B. facilitative diffusers

C. symporters

D. uniporters

Answer A: The cardiac glycosides function by inhibiting the action of Na+/K+-ATPases. These transporters transport Na+ into the cell while simultaneously transporting K+ out. Thus, they function as classical antiporters.

Aquaporins are a class of transporters that are involved in the transport of water across membranes. The aquaporins belong to which type of transporter family?

A. active

B. β-barrel channels (porins)

C. α-channels

D. facilitated

E. passive

Answer C: The aquaporin proteins are made up of 6 transmembrane α-helices arranged in a right-handed bundle. The a-type channels are homo- or hetero-oligomeric structures that in the latter case consist of several different proteins.
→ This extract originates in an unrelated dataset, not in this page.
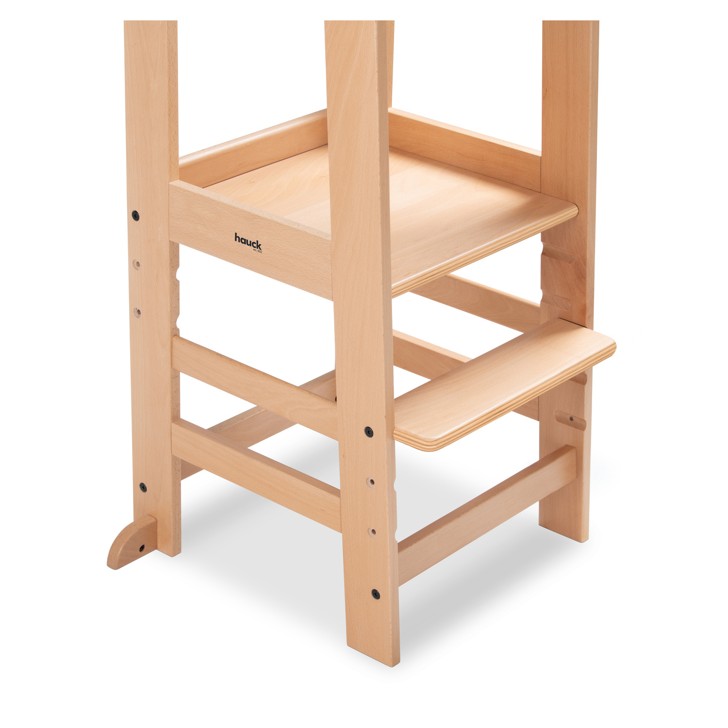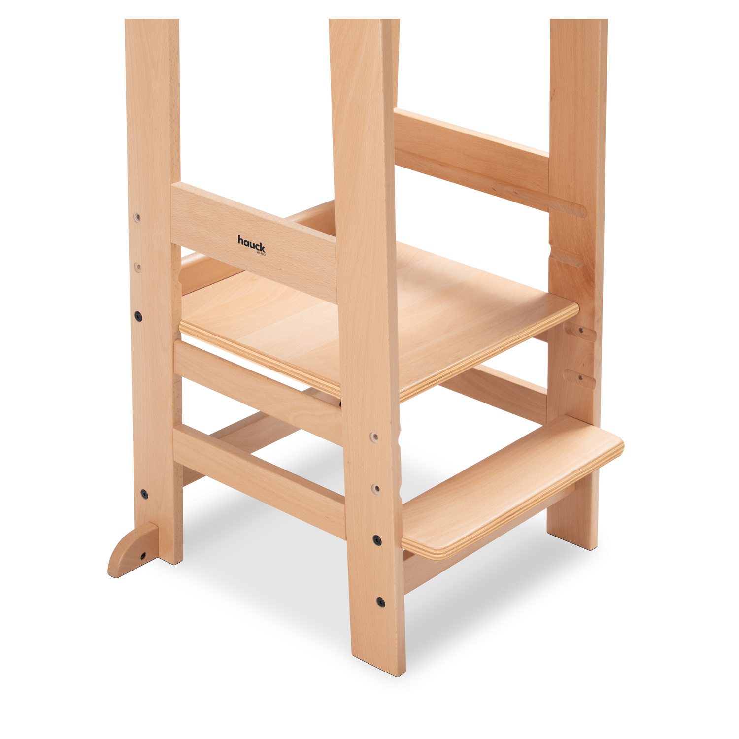 Díky vyvýšené poloze stupínku se může vaše dítě zapojit do běžných rodinných aktivit a pomáhat vám, bezpečně ve výšce očí. V duchu Montessori "Pomoz mi, abych to dokázal sám" se vaše dítě od útlého věku zapojuje formou hry, např. do vaření nebo pečení, a posiluje tak svou samostatnost, jazykový a sociální rozvoj i sebevědomí. Učící Věž pro batolata hauck má certifikát FSC®, což znamená, že bukové dřevo pochází z lesů s certifikátem FSC a šetrným lesním hospodářstvím.

The a-type class of channel protein has between 2 and 22 transmembrane α-helical domains, thus the derivation of the name of this type of channel.
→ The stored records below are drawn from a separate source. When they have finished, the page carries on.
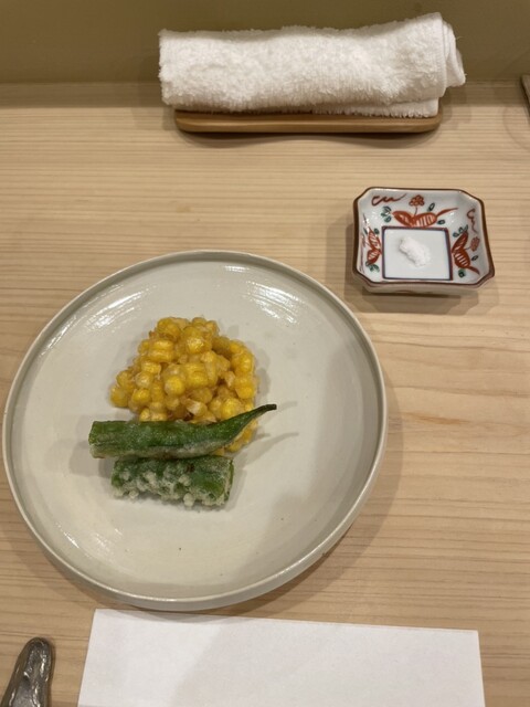 ○稚鮎、とうもろこし、アスパラガスの天麩羅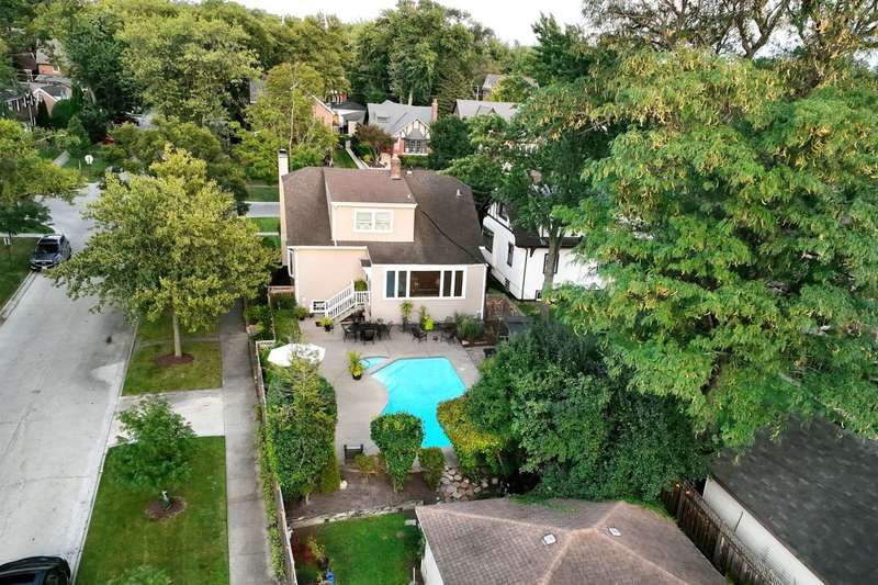 Welcome home to your personal retreat on a Corner Lot in the Heart of Park Ridge! Bring your ideas to refresh and update this charming and spacious 3-bedroom, 3-bathroom bungalow. The true showstopper is the backyard oasis-a beautifully landscaped retreat featuring a 15x30 in-ground, heated pool with an attached jacuzzi, a generous patio for relaxing or entertaining, a natural gas grilling station, and a fully fenced yard for privacy. Whether you're hosting summer gatherings or enjoying a peaceful evening swim, this backyard is designed to impress. Inside, the home is equally inviting. The main level includes a sun-filled living room with a cozy fireplace, a formal dining room, and a full bathroom. The kitchen features stainless steel appliances, generous cabinet space throughout, and a center island with seating. A vaulted-ceiling breakfast nook offers an additional dining area and floods the kitchen with natural light. Upstairs, the private primary suite includes a full en-suite bath, joined by two generously sized bedrooms. Comfort is ensured year-round with baseboard heat and dual-zone central air, along with energy-efficient thermal windows. The expansive finished basement adds valuable living space, featuring a large recreation room, laundry area, utility room, and a full bath. This space is ideal for an in-law suite, a teen retreat, or an entertainment hub! With dual egress and direct walk-out access to the backyard, transitioning from indoor comfort to outdoor enjoyment is effortless. Additional highlights include an oversized 2.5-car garage (22x24) with alley access, newer roof and siding (2012), and proximity to everything: Edison Park dining and shopping, vibrant Uptown Park Ridge for summer concerts in the park, car shows, Farmer's Market, and Taste of Park Ridge. Zoned for top-rated Roosevelt Elementary, Lincoln Middle School, and Maine South High School.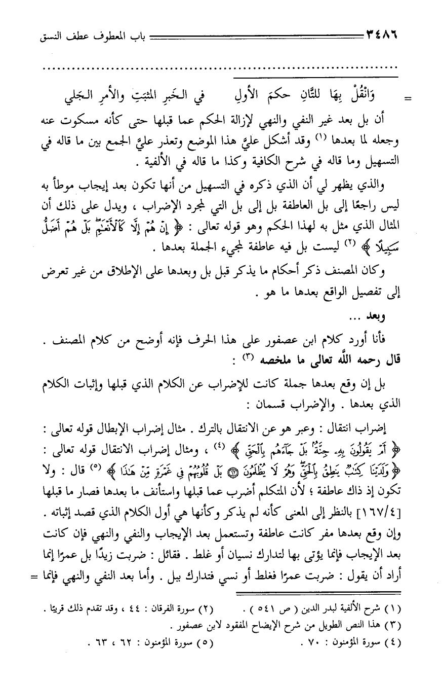 أن بل بعد غير النفي والنهي لإزالة الحكم عما قبلها حتى كأنه مسكوت عنه وجعله لما بعدها (¬1) وقد أشكل عليّ هذا الموضع وتعذر عليّ الجمع بين ما قاله في التسهيل وما قاله في شرح الكافية وكذا ما قاله في الألفية.

You are treating a patient who complains of having an intense or uncontrollable thirst with a strong craving for ice water. The patient produces large amounts of urine (8-10 L per day). Additional symptoms include fatigue, headache, irritability, and muscle pains. Given the symptoms you suspect nephrogenic diabetes insipidus. If this diagnosis is correct, which of the following membrane transporter types would be defective in your patient?

A. aquaporin

B. F-type ATPase

C. Na+/K+-ATPase

D. P-type ATPase

E. SLC40A1 (ferroportin)

Answer A: Nephrogenic diabetes insipidus (NDI) is a disorder in which a defect in the tubules in the kidneys causes a person to pass a large amount of urine. This disorder is caused by an improper response of the kidney to antidiuretic hormone (ADH, also called vasopressin), leading to a decrease in the ability of the kidney to concentrate the urine by removing free water. The primary cause of NDI is a mutation in the ADH receptor in the kidney. However, NDI can also result from mutations in the aquaporin-2 gene.